### Exercise goal
Output the entries below word for word, stopping once the line containing "Capture the essence" is done, and omit each picture.

[Records excerpted from a collection]
════════════════

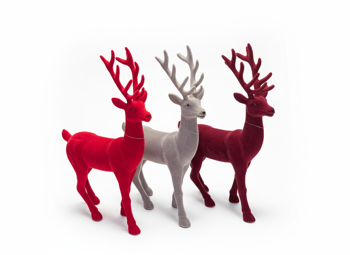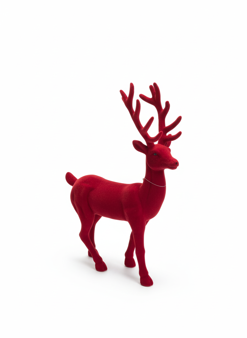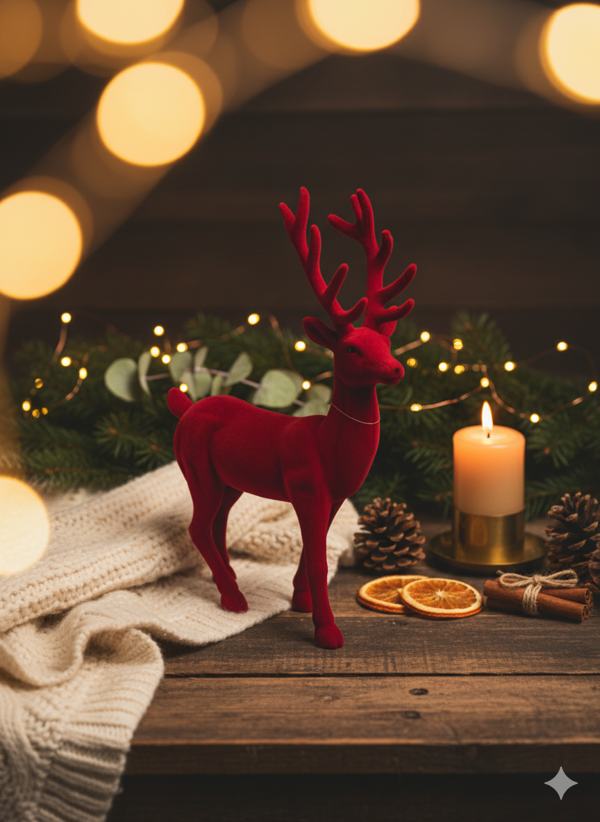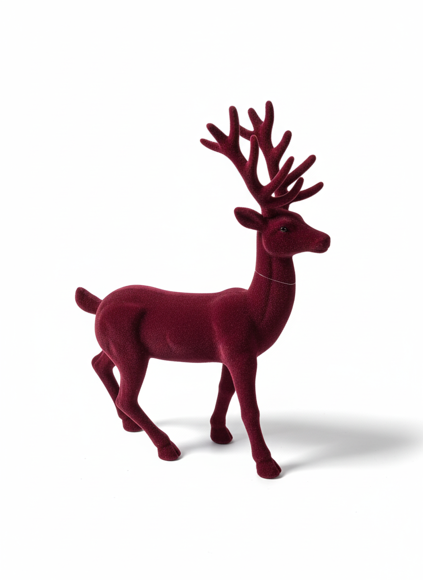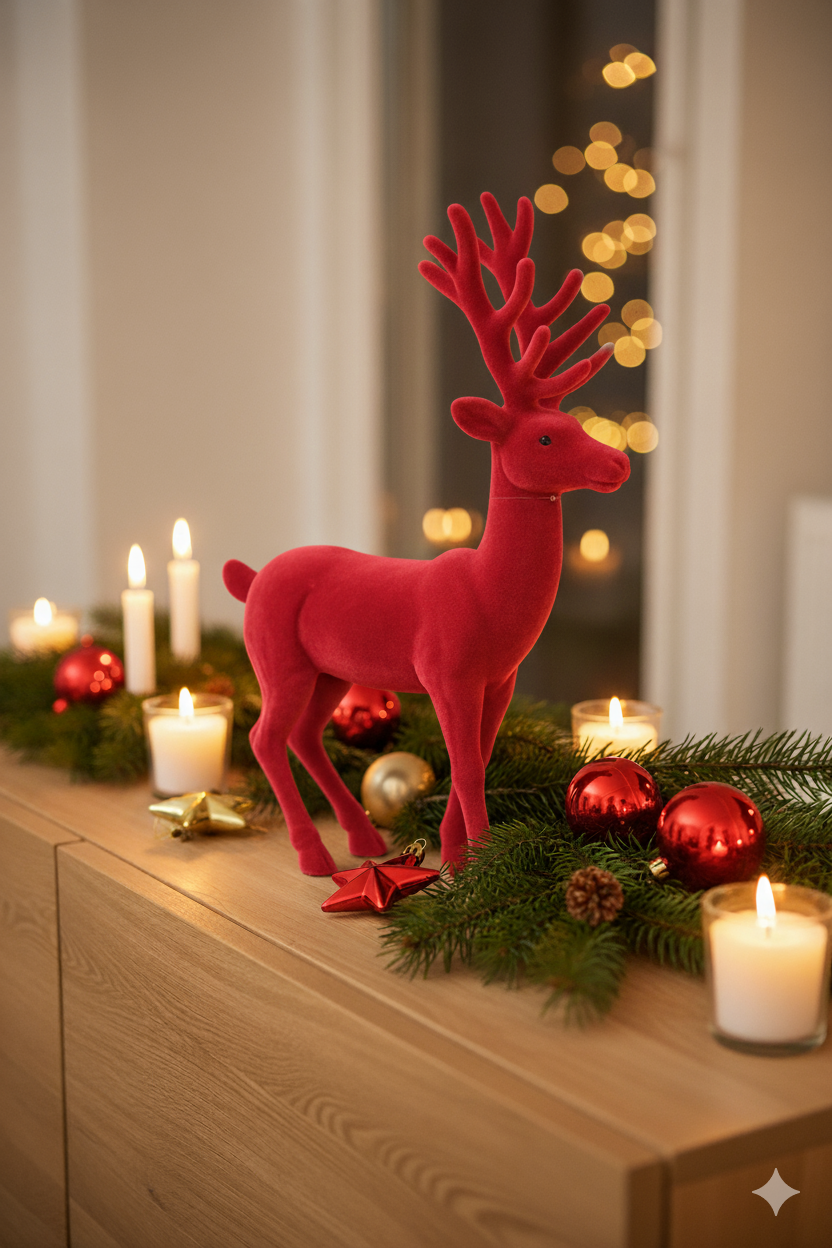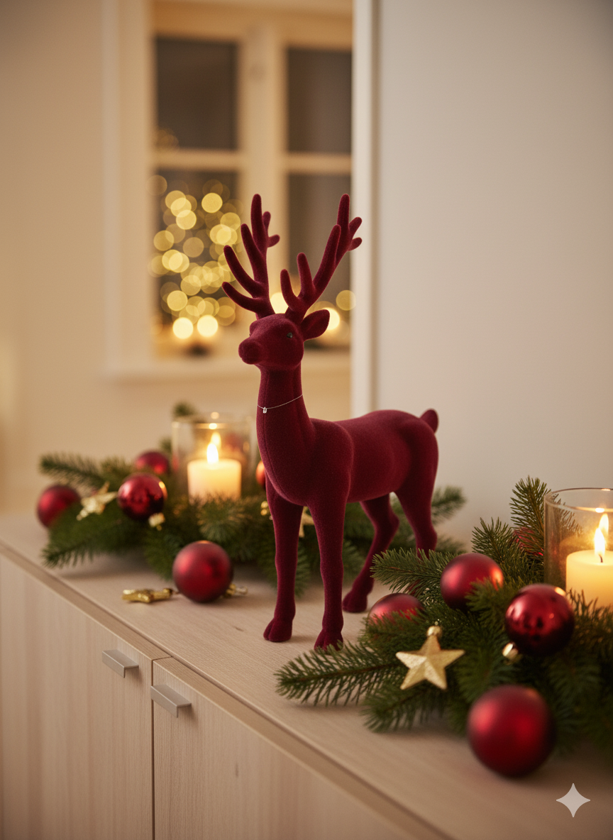 Erhältlich in mehreren farbenfrohen Varianten – von festlichem Rot über edles Grau bis hin zu tiefem Bordeaux – lässt sich der Hirsch perfekt mit Lichterketten, Tannenzweigen oder goldenen Akzenten kombinieren.
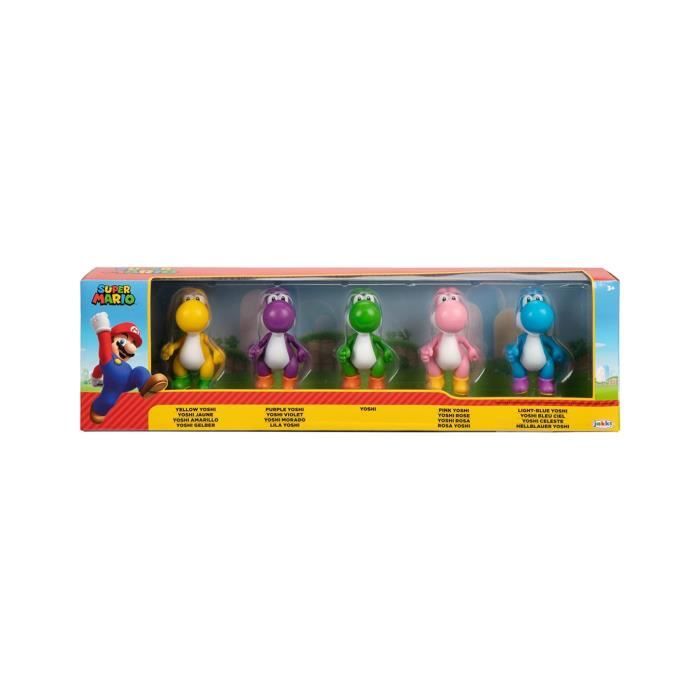 Coffret 5 Figurines Super Mario - JAKKS - Yoshi Vert Jaune Bleu Rose et Violet - Pour Enfant
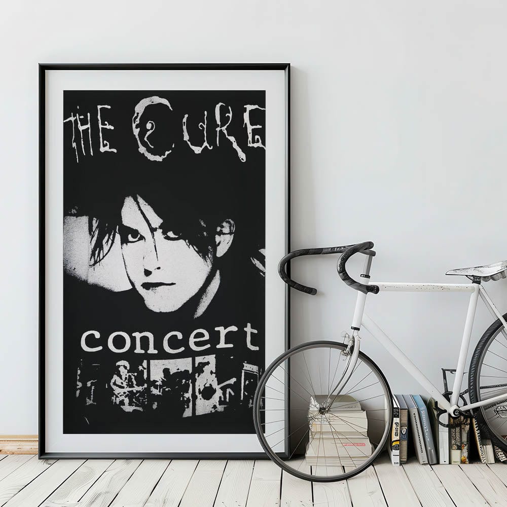 Capture the essence of The Cure with this striking retro concert poster. Featuring an iconic black-and-white image of Robert Smith, this design embodies the band's gothic rock aesthetic. With bold, expressive typography and a captivating portrait, this print is perfect for fans of vintage music art and those who love the dark, brooding energy of The Cure's iconic style.
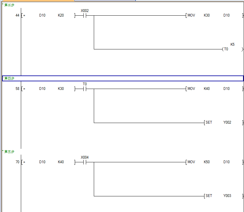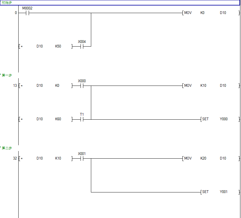 关于顺序功能,其实就是一步一步的进行。拿煮饭的流程为例,先洗米,米洗好,再加水,水加好后开火煮,煮到没有水了,饭就做好了。这个就是典型的单序列的功能图,还有选择序列,并行序列等这些需要你们自己看书就不一一说明了。实现这些的编程方式有太多种了,比如用每个PLC自带的功能图编程指令完成,也有用起保停简单的逻辑编程方式,还有用左移或者右移移位指令编程方式,置位复位指令完成,还有用PLC的加或者减指令完成,传送指令完成等。有很多编程方式是不是全部都要完全掌握呢?其实是不需要全部掌握,但是全部都要了解有这些方式,因为有些方式你不用不代表别人不用。只有都了解了才看懂别人写的程序,你只需要觉得你最方便最容易看懂的最容易后期更改的一种,作为以后写程序的框架。本人推荐用传送指令加置位复位指令完成。如下图所示(以三菱PLC为例,其他PLC可以参照)。这种方式的优点是方便后期的更改程序。客户的需求变了也可以快速更改,不需要删除过多的东西。
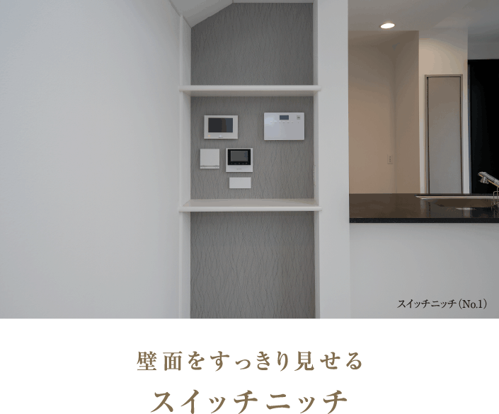 インターホンやスイッチをまとめた「スイッチニッチ」。メモや伝言用のマグネットボードとカウンターも併設しています。
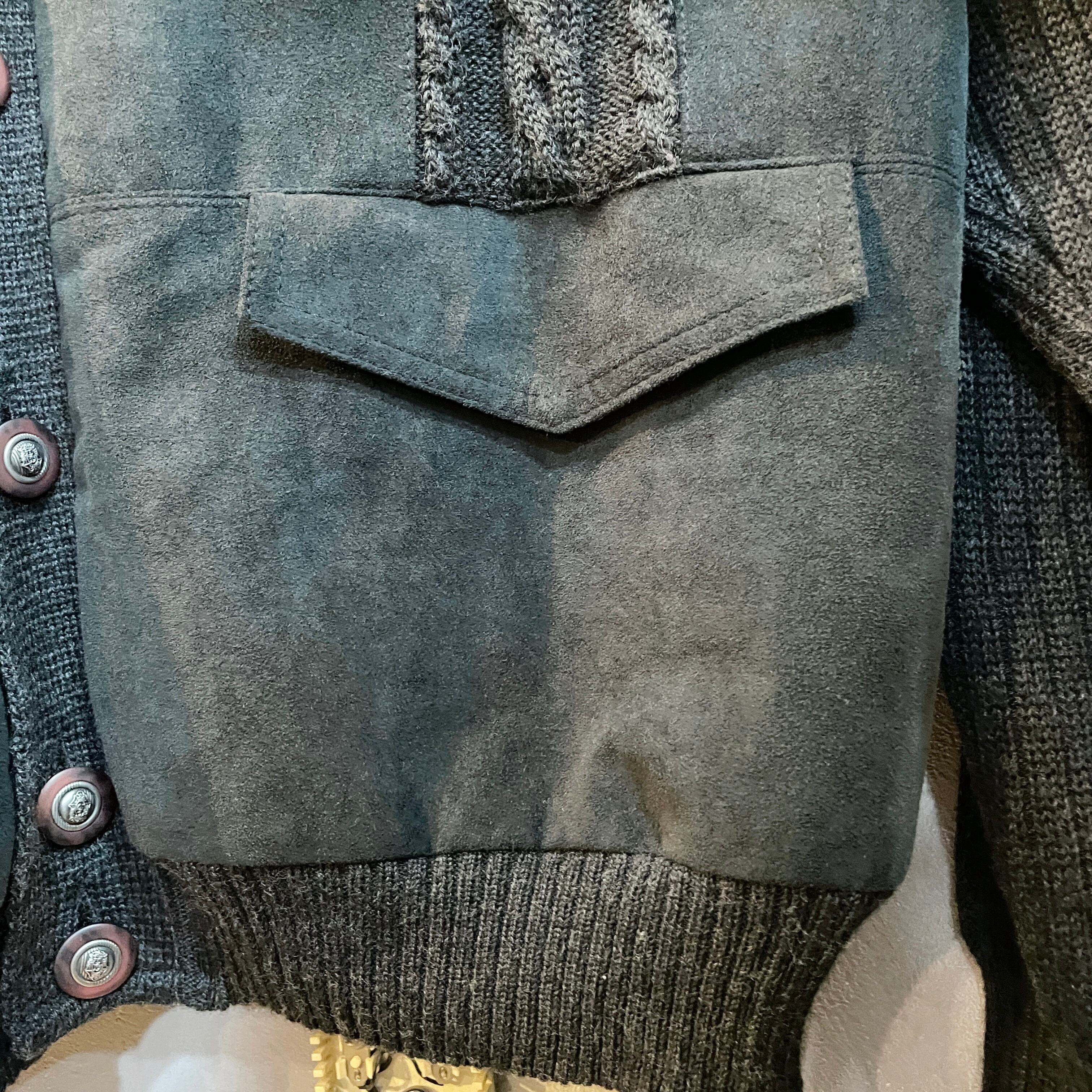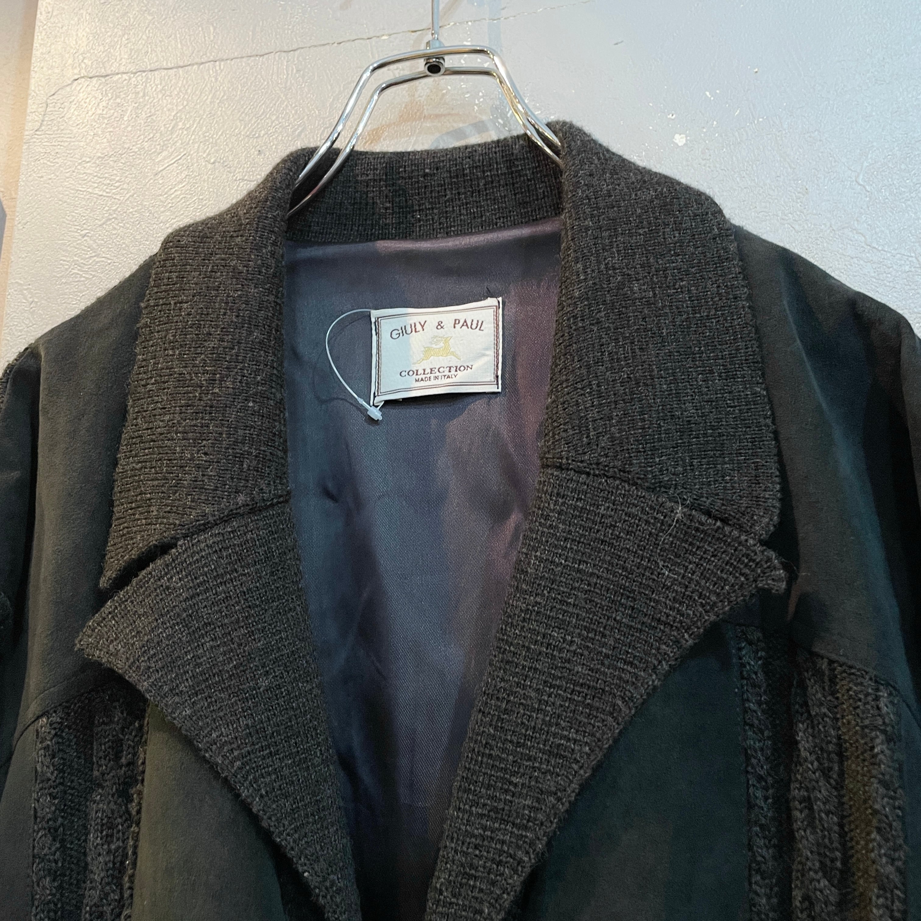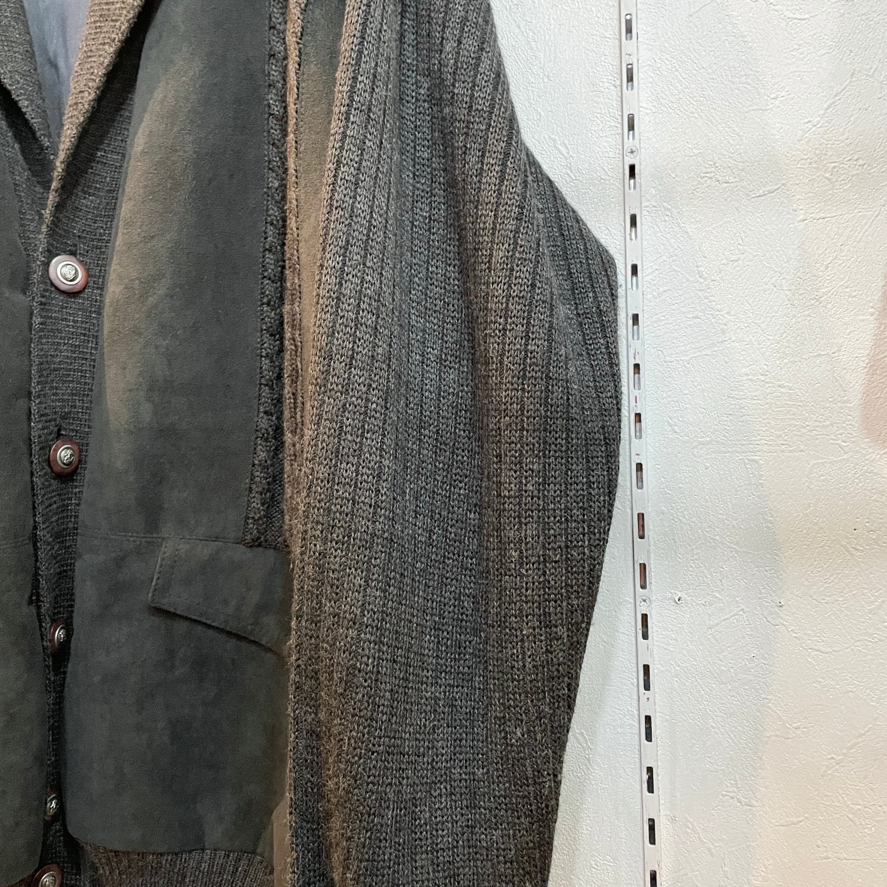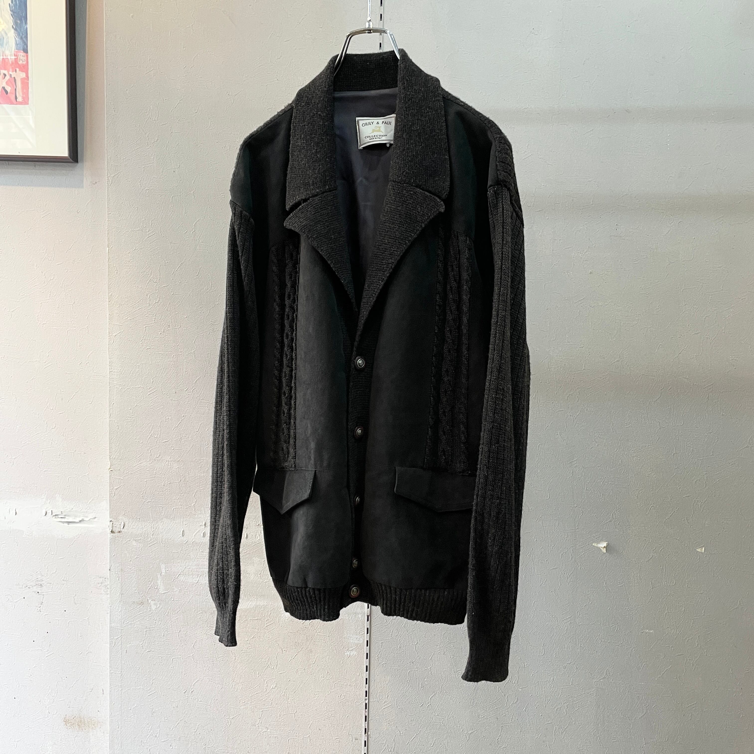 90s giuly&paul レザー切替カーディガン スエード ブラックベース L程度

════════════════

### Output below
 Erhältlich in mehreren farbenfrohen Varianten – von festlichem Rot über edles Grau bis hin zu tiefem Bordeaux – lässt sich der Hirsch perfekt mit Lichterketten, Tannenzweigen oder goldenen Akzenten kombinieren.
 Coffret 5 Figurines Super Mario - JAKKS - Yoshi Vert Jaune Bleu Rose et Violet - Pour Enfant
 Capture the essence of The Cure with this striking retro concert poster. Featuring an iconic black-and-white image of Robert Smith, this design embodies the band's gothic rock aesthetic. With bold, expressive typography and a captivating portrait, this print is perfect for fans of vintage music art and those who love the dark, brooding energy of The Cure's iconic style.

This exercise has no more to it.